Kevin M. Schartz, PhD, The University of Iowa; Kevin S. Berbaum, PhD; Robert T. Caldwell; Mark T. Madsen, PhD

Reducing diagnostic errors in radiology will improve the quality of healthcare. In particular, it is important to avoid false negative errors in which people do not receive treatment because illness is missed. There are two ways to reduce diagnostic errors in radiology: improving imaging technology and improving the process of interpreting the radiological images.

Imaging technology is improved as a result of technology evaluation studies. These studies compare the diagnostic accuracy of new imaging systems and procedures to systems and procedures currently used. For example, the American College of Radiology (ACRIN) National Lung Screen Trial (NLST) screened over 18,000 participants for lung cancer with radiography and computed tomography. The study compared different models of radiography equipment.[1]

The process of interpreting radiological images is improved as a result of medical image perception experiments. These experiments discover how human observers detect abnormalities in radiological images and make judgments about the significance of the abnormalities. Through experiments, researchers determine ways to reduce observer errors, such as ways to avoid the failure to detect an abnormality or the failure to judge that the abnormality is indicative of a condition requiring treatment.

Berbaum (2006) has stated that experiments in diagnostic radiology would benefit by having larger patient samples and by having more observers (readers).[2] An easy way to increase the patient sample size and the number of readers is for investigators at one institution to partner with investigators at one or more other institutions.

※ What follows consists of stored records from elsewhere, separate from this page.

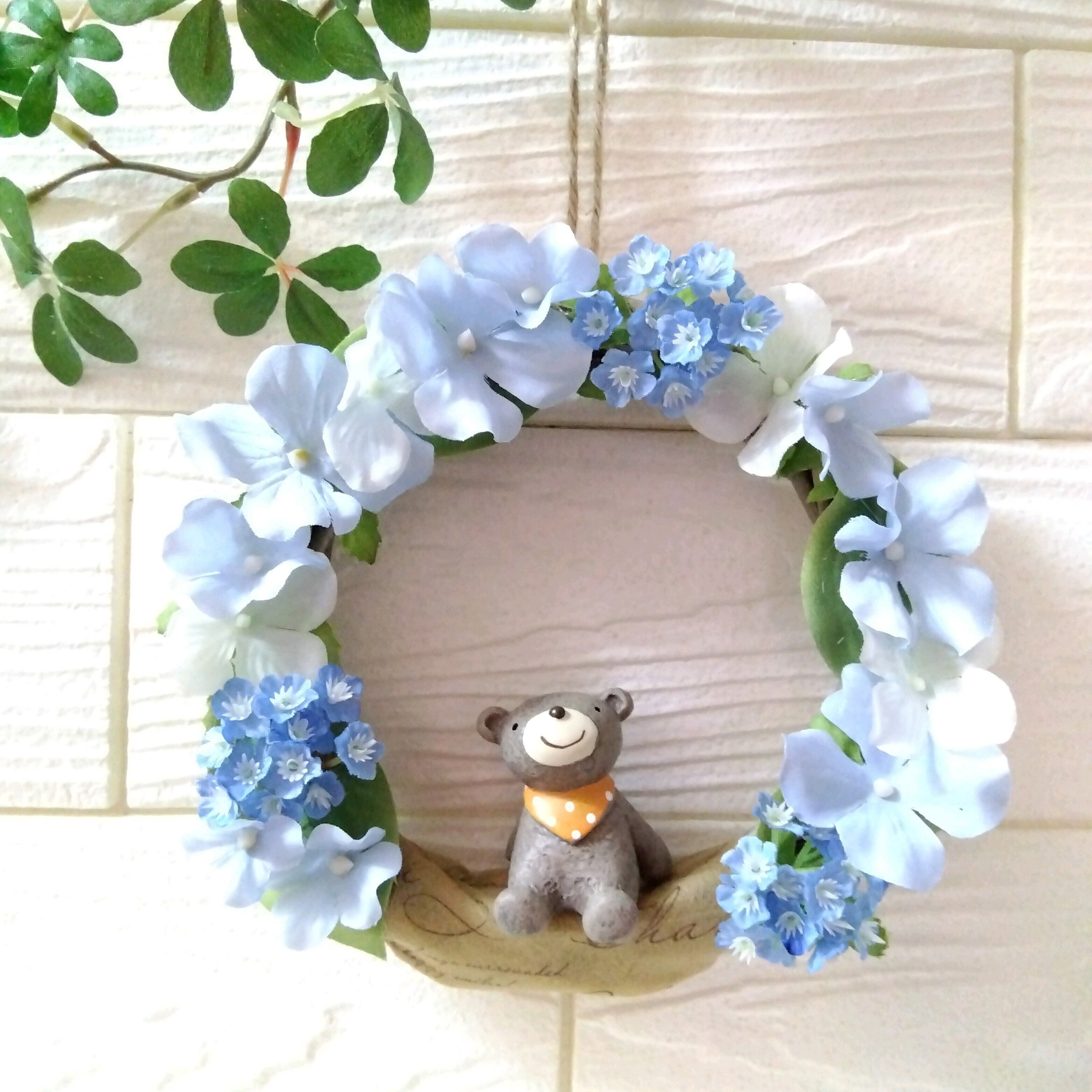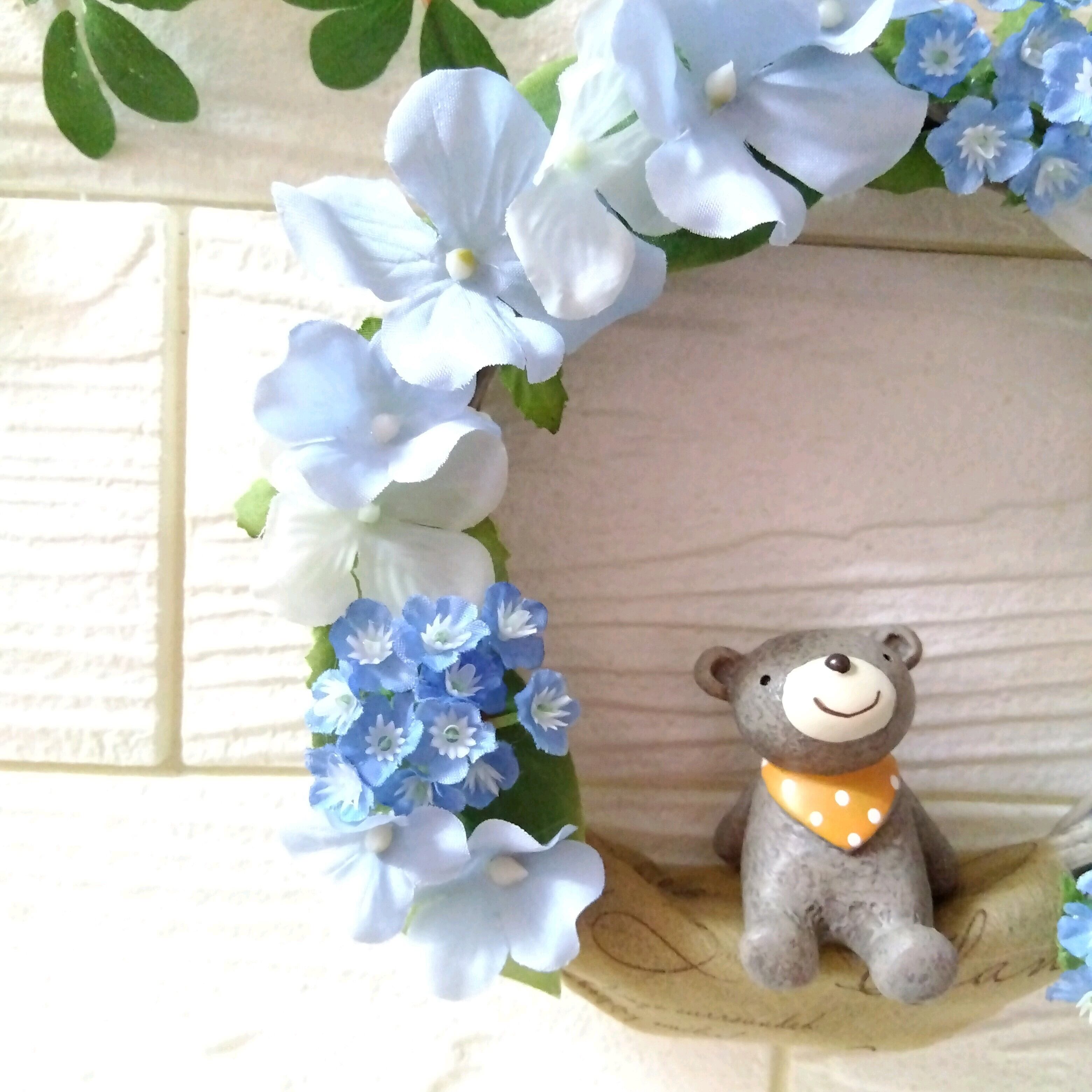 夏 夏色 リース インテリア ギフト プレゼント サマー ブルーリース 記念日 誕生日 結婚 結婚祝い 新築祝い 開店祝い 退職 ウエディング 祝い クマ くま 熊 敬老の日 父の日 紫陽花 アジサイ あじさい 祝い
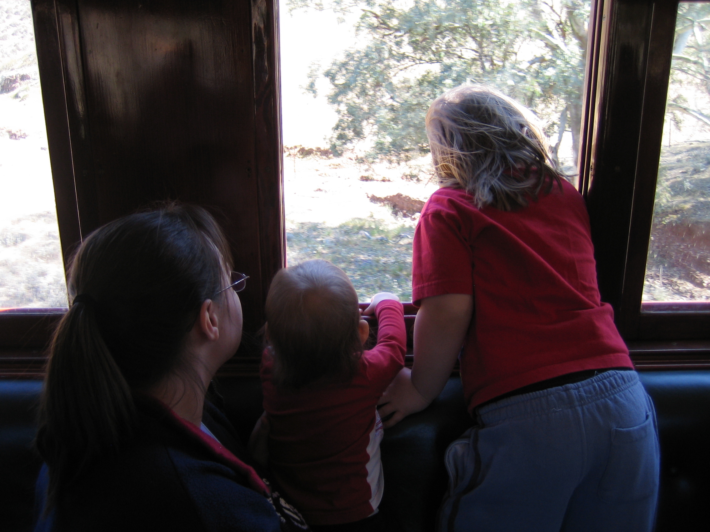 Me, Mum and Emily looking out the window of the Pichi Richi on 16 Sep 2007
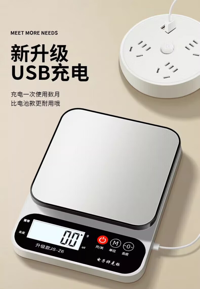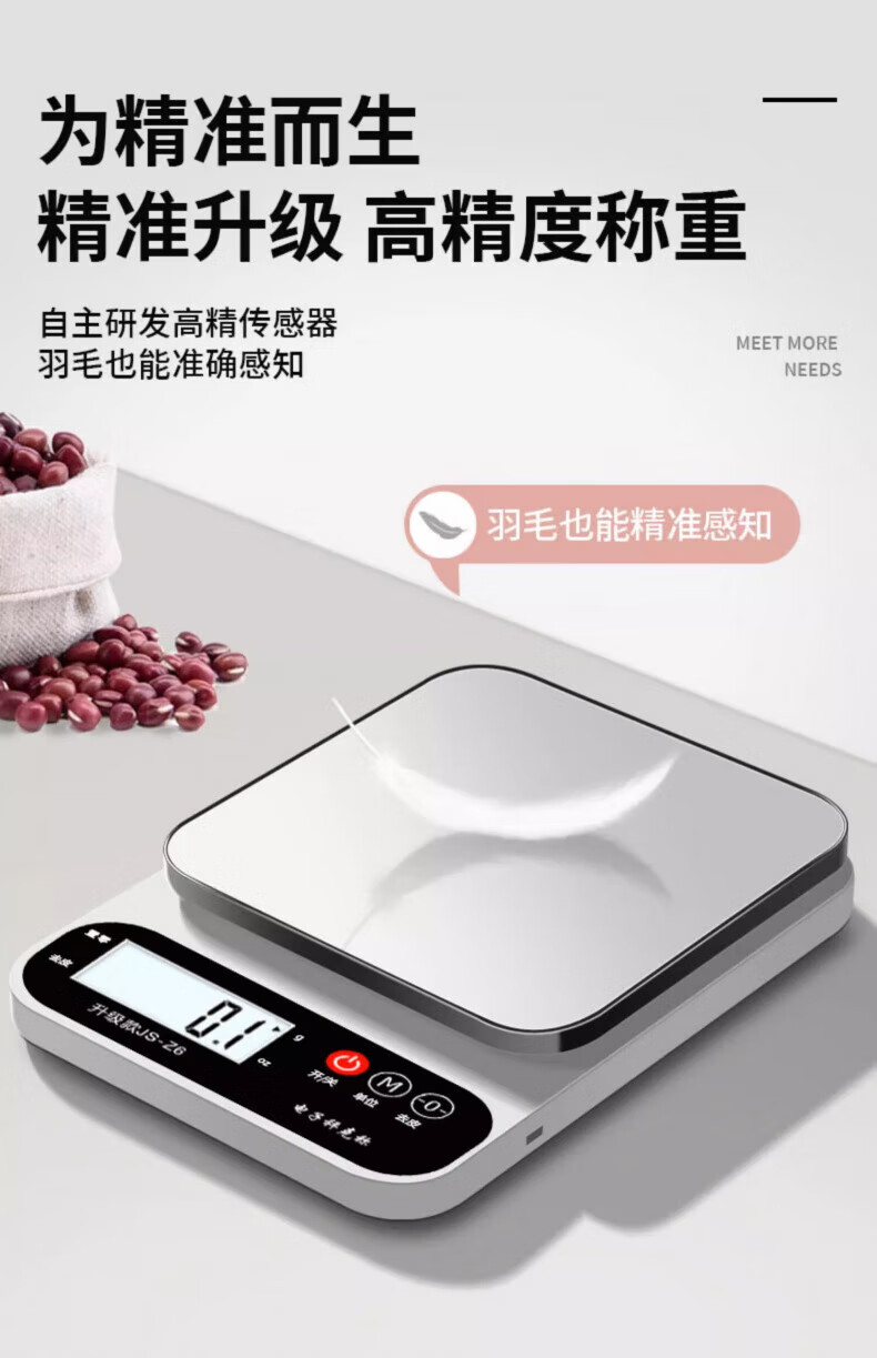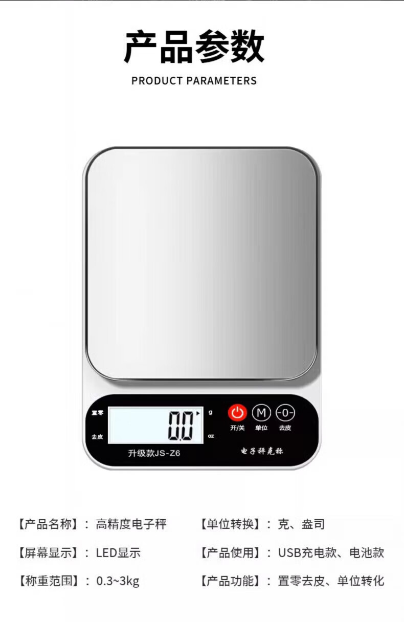 Jingyan household kitchen electronic scale small baking high-precision kitchen scale Chinese medicine food scale gram scale accurate to 0.1g stainless steel rechargeable model 3kg/0.1g real material strong and resistant to falling
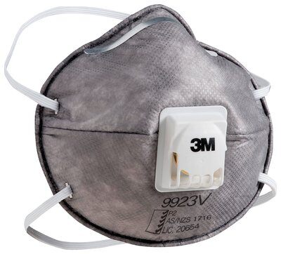 The 3M 9923V is a disposable specialty respirator with a non-aluminium nose clip designed specifically for use in flammable atmosphere, e.g. coal mines. The 9923V respirator is compatible with other 3M personal safety products, e.g. eyewear and earplugs.

However, a possible problem is that these institutions may use different commercial imaging systems. An additional problem is that these commercial systems are intended for clinical use and may not be optimal for research purposes. For example, commercial clinical systems are not designed to collect observer reports of abnormalities and their locations, or detailed information on the interaction of the observer, with the image workstation display such as window/level and magnification settings, inspection time for each image.

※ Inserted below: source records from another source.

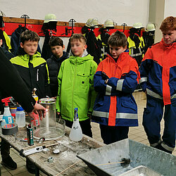 Dass auch Metalle brennen können, welchen Einfluss Sauerstoff auf die Verbrennung hat und wie sich das Mengenverhältnis von Brennstoff zu Temperatur auf die Entstehung eines Feuers auswirkt, wurde an der zweiten Station mithilfe zahlreicher Versuche und Vorführungen veranschaulicht.
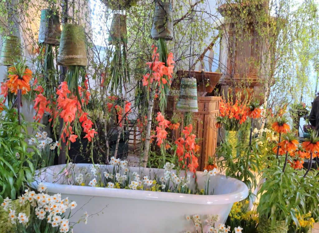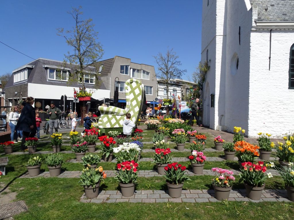 De Witte Kerk in Noordwijkerhout versierd met allerlei bloemstukken, vooral van bolbloemen. De toegang is gratis. Van 20 tot en met 23 april is een en ander te bekijken.
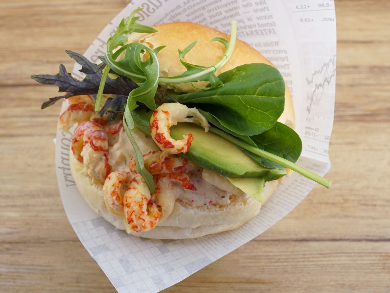 Flusskrebse (32%), Champignons, grüner Spargel und Staudensellerie, in herzhaft gewürzter Mayonnaise, verfeinert mit Weinbrand und Dill.
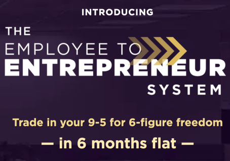 Employee to Entrepreneur is a simple, proven, step-by-step system that will show you how to build your online business and virtually replace your corporate income, ultimately freeing you from that jail cell you call a job and giving you the freedom to live the life you want. #aboutdamntime
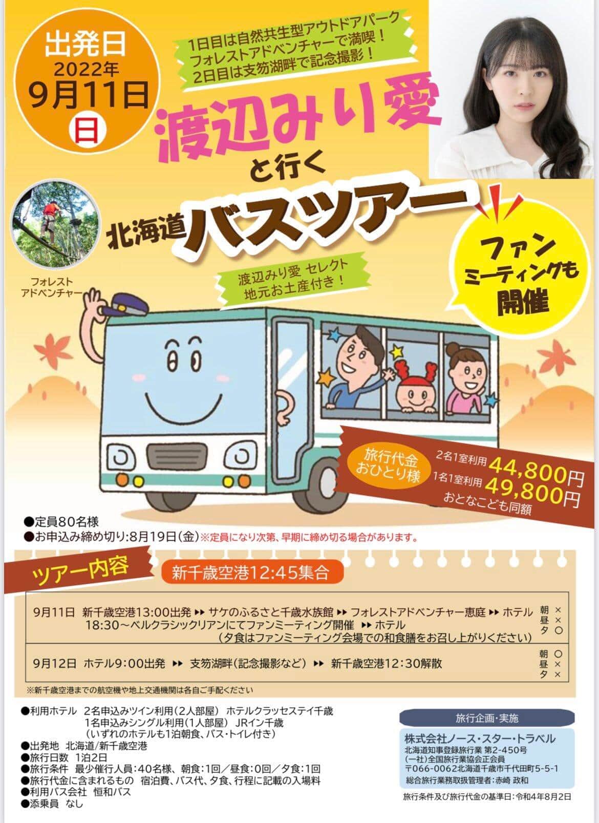 9月11日には、ファンとの交流イベント「渡辺みり愛と行く 北海道バスツアー」を予定していた。ツアー代金は約5万円で、定員は80人。8月6日からファンクラブ(FC)会員向けの抽選販売が、14日から一般販売が始まる予定だった。

The Medical Image Perception Laboratory at The University of Iowa has developed image presentation software that mimics the functionality available in the clinic, records time-stamped, observer-display interactions, and is readily deployable on diverse workstations.[3] The software records observer reports on abnormalities and their locations, and collects data on inspection time until report, inspection time for each computed radiograph, and for each slice of tomographic studies, window/level, and magnification settings used by the observer. The software, called WorkstationJ, is a modified version of the open source ImageJ software available from the National Institutes of Health.[4]

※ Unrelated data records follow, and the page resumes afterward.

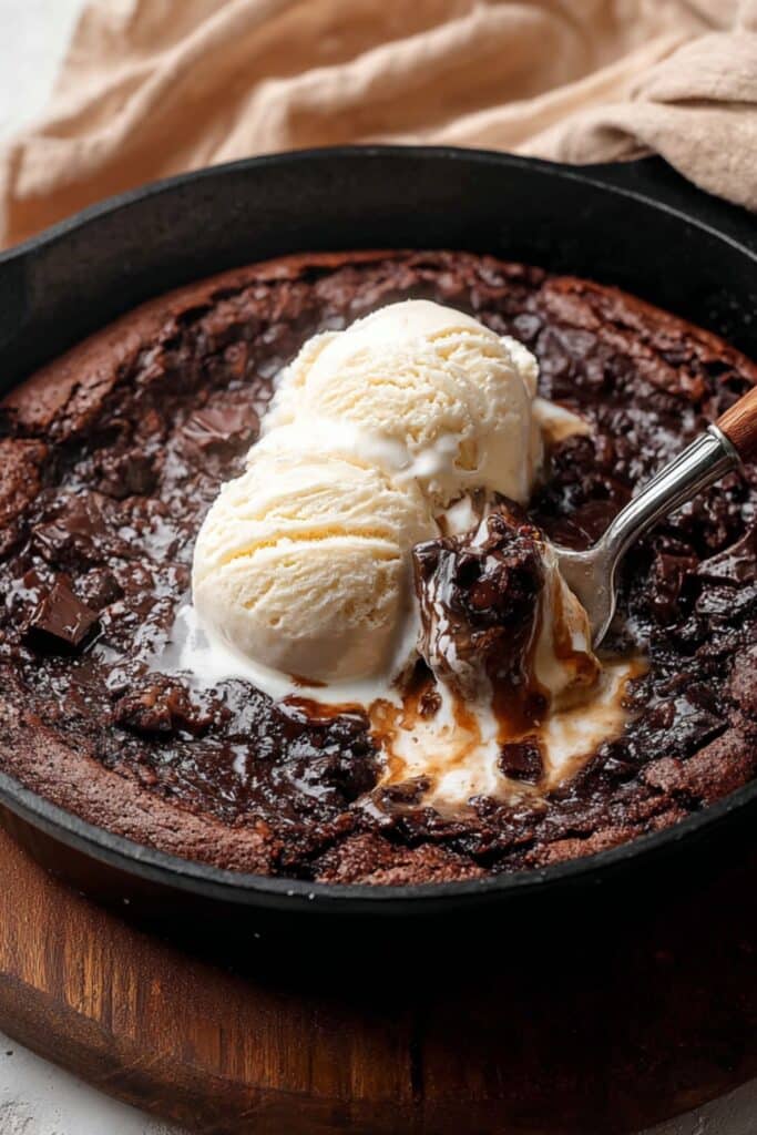 Leftover Skillet Brownie? Rare—but if it happens, cover the skillet with foil and refrigerate. To reheat, place in a 300°F oven for 8–10 minutes, or microwave individual portions with a damp paper towel. It revives beautifully.
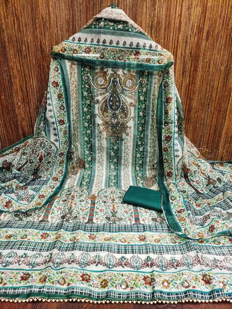 Green organza digital print dress material unstitched
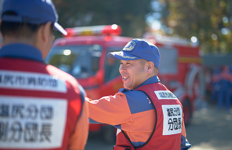 地元のお祭りに参加した際、同じ部会の先輩に誘われて入団しました。消防団のことは以前から知っていましたが、正直なところ「訓練が厳しくて忙しい」というイメージを持っていました。しかし実際に活動してみると、その印象は大きく変わりました。現在の主な活動は、毎月15日の「市民防火の日」で、訓練もありますが日数は多くありません。地域の先輩・後輩ともに仲が良く、皆さんいい人ばかりで充実しています。
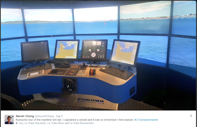 | Steven Chang’s tweeted image of the maritime simulation lab from the research facility tour. |
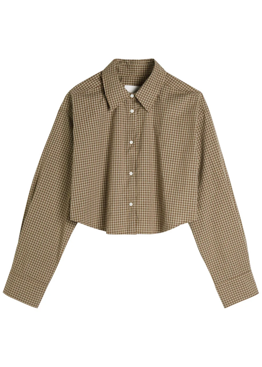 Info & Care Citizens Of Humanity cotton-poplin shirt Checked, dropped shoudlers, button-fastening cuffs, box pleat with tab embellishment at back, curved hem, longer back hem, cropped Button-fastenings through front 100% cotton Machine wash Size & Fit Length;shoulder to hem:;17 inches/ 43cm; back: 19 inches/ 48cm Midweight; Relaxed fit, cropped Model is 5'9"/ 178cm and wears a size small

The original version of WorkstationJ was created through extensive modification of several of ImageJ package classes and the addition of custom classes. ImageJ is typically updated one or twice per year. However, this frequent updating of WorkstationJ is hindered by the extensive modifications necessary for each ImageJ update. Therefore, the 2008 Product Support Development Grant from SIIM provided funding to convert it into plugins and adding additional classes to the standard ImageJ package, rather than by modifying the ImageJ classes themselves, making WorkstationJ an open-source product that could be more easily updated.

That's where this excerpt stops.